⟨
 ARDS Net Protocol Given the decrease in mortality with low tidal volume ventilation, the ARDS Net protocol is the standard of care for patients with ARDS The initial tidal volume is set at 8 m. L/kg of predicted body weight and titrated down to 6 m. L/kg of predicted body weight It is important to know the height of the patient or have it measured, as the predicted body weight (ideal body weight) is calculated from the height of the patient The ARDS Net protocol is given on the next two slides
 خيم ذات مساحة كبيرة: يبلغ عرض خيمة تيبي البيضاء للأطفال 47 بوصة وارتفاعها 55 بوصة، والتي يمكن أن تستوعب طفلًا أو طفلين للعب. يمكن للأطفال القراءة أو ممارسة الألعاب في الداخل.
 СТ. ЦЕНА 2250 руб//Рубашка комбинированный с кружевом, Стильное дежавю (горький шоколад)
⟩
⟨
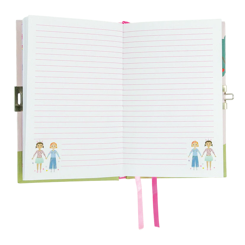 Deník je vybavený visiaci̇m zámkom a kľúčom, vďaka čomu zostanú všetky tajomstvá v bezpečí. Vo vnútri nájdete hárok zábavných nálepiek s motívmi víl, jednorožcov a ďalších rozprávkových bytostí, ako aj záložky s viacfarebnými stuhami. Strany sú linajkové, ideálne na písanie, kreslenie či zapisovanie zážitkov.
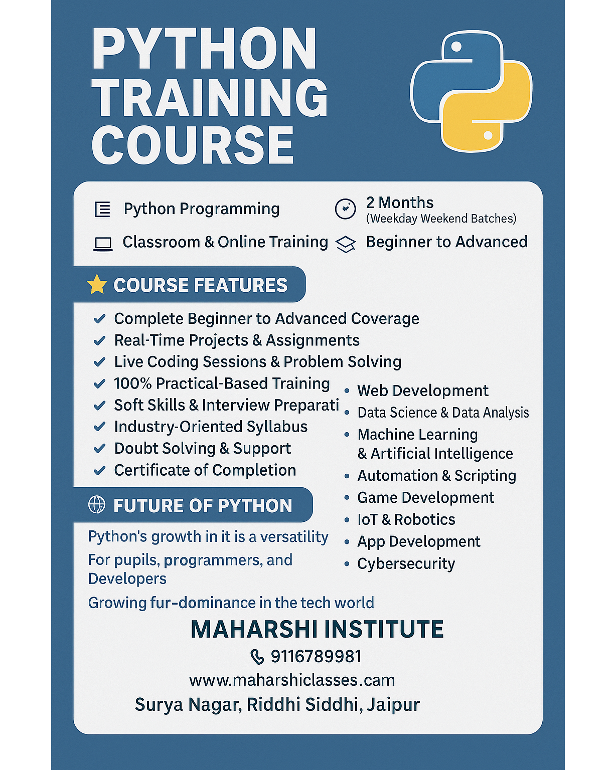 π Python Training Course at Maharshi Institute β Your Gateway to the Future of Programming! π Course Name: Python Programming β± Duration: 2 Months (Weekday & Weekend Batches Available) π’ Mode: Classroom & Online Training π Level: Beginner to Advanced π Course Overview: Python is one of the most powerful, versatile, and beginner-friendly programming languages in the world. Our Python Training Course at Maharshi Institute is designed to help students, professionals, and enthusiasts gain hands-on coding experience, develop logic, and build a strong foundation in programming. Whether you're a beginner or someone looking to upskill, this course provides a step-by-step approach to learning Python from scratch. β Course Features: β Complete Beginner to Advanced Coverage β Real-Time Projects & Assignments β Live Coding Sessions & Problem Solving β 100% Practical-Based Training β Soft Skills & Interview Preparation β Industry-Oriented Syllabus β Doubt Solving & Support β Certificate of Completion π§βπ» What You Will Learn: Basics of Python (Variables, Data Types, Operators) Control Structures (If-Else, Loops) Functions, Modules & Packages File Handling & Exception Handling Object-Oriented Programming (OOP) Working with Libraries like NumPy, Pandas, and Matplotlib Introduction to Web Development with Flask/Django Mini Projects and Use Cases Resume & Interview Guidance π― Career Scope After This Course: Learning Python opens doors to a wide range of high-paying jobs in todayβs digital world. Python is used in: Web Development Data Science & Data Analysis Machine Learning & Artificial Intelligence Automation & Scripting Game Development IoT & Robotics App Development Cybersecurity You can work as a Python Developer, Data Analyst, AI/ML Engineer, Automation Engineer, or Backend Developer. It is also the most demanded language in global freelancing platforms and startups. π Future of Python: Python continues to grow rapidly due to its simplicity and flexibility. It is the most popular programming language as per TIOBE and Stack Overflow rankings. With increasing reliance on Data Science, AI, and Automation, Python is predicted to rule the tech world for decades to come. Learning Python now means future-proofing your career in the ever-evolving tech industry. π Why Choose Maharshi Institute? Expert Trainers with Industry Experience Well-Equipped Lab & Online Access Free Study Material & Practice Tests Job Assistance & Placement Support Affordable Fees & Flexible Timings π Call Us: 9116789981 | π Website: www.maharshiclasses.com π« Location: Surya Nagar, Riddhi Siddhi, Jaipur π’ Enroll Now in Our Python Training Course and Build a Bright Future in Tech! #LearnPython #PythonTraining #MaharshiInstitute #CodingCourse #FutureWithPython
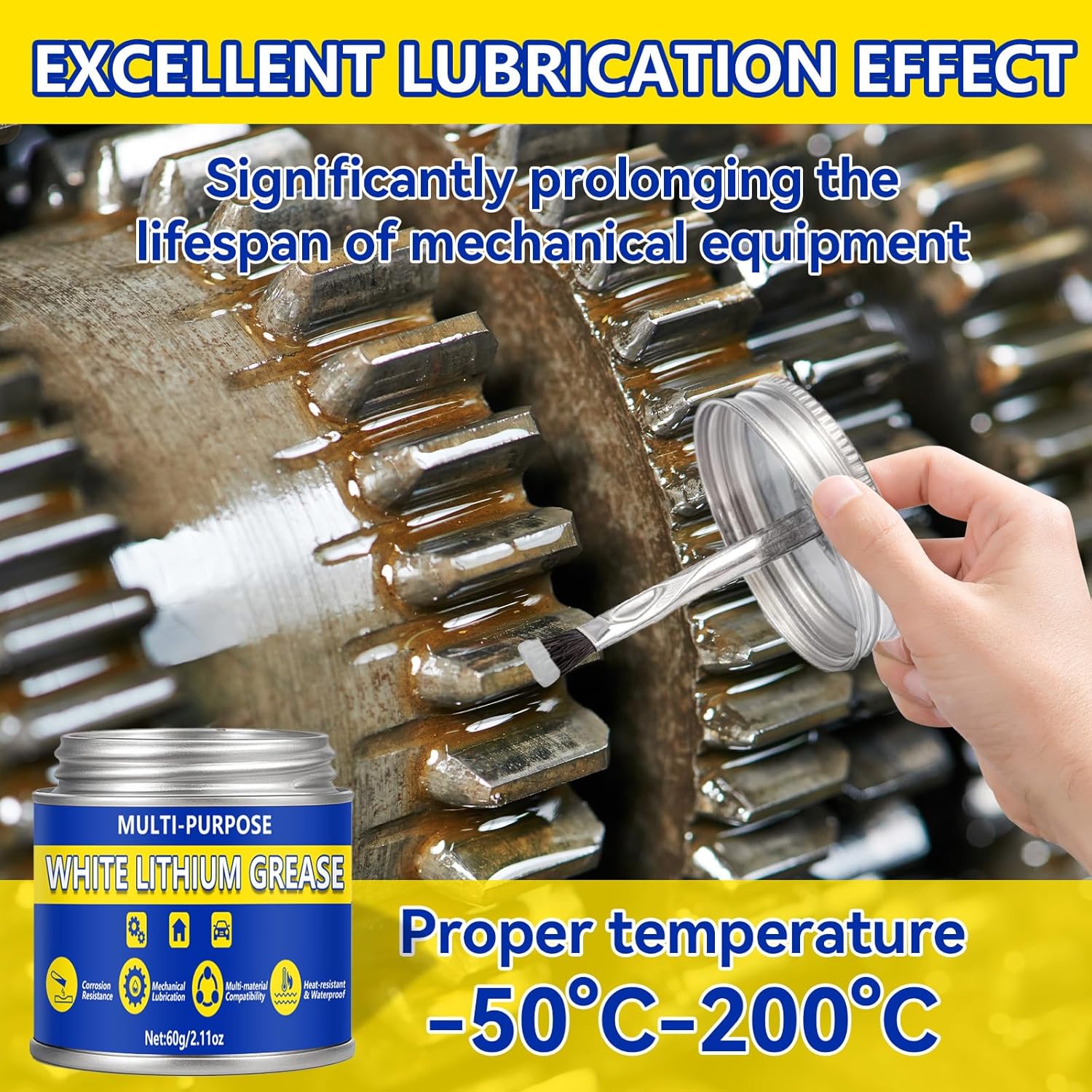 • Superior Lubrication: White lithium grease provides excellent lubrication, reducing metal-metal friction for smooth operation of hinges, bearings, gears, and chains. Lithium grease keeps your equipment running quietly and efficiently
⟩
-- Exercise objective --
Starting with the line that holds "خيم ذات مساحة" and ending with the line that holds "СТ. ЦЕНА 2250", retype every line in the data above exactly, and nothing else.

-- Task result --
 خيم ذات مساحة كبيرة: يبلغ عرض خيمة تيبي البيضاء للأطفال 47 بوصة وارتفاعها 55 بوصة، والتي يمكن أن تستوعب طفلًا أو طفلين للعب. يمكن للأطفال القراءة أو ممارسة الألعاب في الداخل.
 СТ. ЦЕНА 2250 руб//Рубашка комбинированный с кружевом, Стильное дежавю (горький шоколад)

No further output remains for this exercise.